It’s never been easier to start a small business to call your own. From business websites to e signatures for legal documents, and multiple communication options, small businesses have become extremely efficient and inexpensive to operate.
Although expenses have decreased, taxes most certainly have not. However, there are some tax benefits for the small bu...siness owner that can greatly add to your bottom line.
Working out of your home is a great way to launch a small business if you can’t afford an office space right off the bat, and your house can be worth a great deal in tax write-offs.
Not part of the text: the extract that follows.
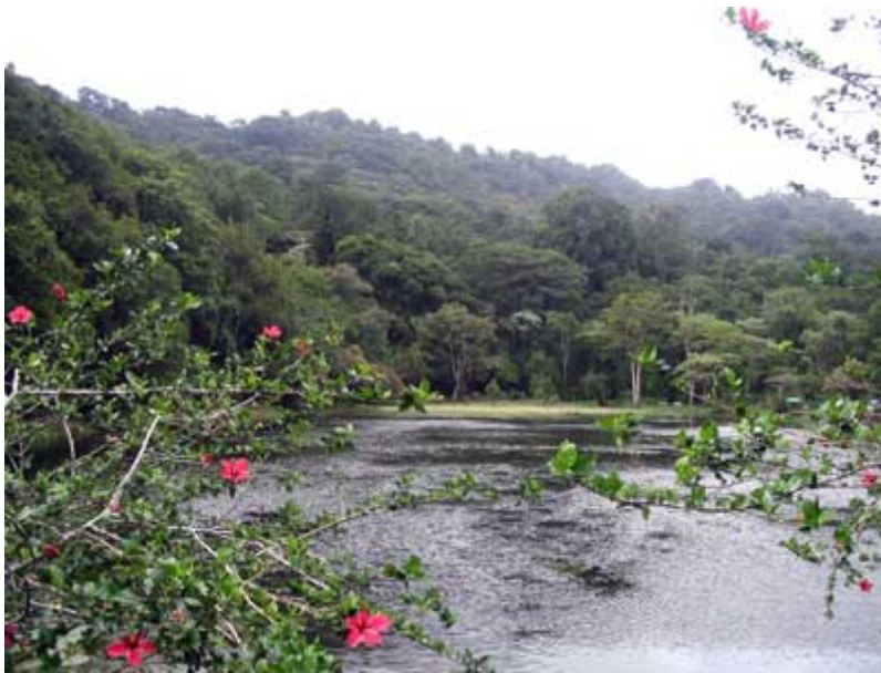
“La “Selva Negra”, cerca de Jinotega (Nicaragua)”

Fatigado, pero dichoso por haber cumplido con los objetivos, regresé hace pocos días de un largo viaje; de un largo periplo que me llevó hasta las lejanas y verdes tierras de Nicaragua, en Centroamérica.

If you run your business out of your home, get an idea of how big your workspace is relative to your house. The percentage of your home used for business purposes are legitimately deductible, but only if it’s used strictly for your company. It doesn’t matter if you have an office adjacent to where you live or you’re just using a spare room, but using the den while your family isn’t home doesn’t count. Don’t forget to write off the relative percentage of utilities you use in this workspace also. Your internet connection is deductible, and so are any phone bills if you have a line exclusively for work.
The Family Advantage
Though it may cause some friction after hours, hiring family members can save you quite a bit on small business taxes. As long as they hold legitimate positions in a company you fully own, all of their medical costs can be deducted. Regular taxpayers can only write off medical expenses if they exceed 10% of their taxable income. But small-business owners can write off their own non-reimbursed healthcare costs and their immediate family’s as well.
YOU’LL GO FAR
Whether you work at home or in an office, your travel expenses can almost always be deducted from your tax base.
Step on It
Travel expenses are a write-off that many self-employed people forget is deductible. Keep close track of your car’s mileage and gas purchases if you do a lot of travelling from home while you’re on the clock, and then choose one of the options for deducting it. The simplest way is to figure out your total business mileage and then multiply it by the IRS rate for deduction, which you can find on their website. Just make sure that you keep a log of all miles driven for business purposes. If you operate out of your home, the mileage you drive between leaving your house and returning on business travel is also a write-off.
FOR THE RECORD
It can’t be exaggerated how important it is to keep your records in order. This can mean the difference between getting a large check back from the government and a getting hit with a huge tax penalty.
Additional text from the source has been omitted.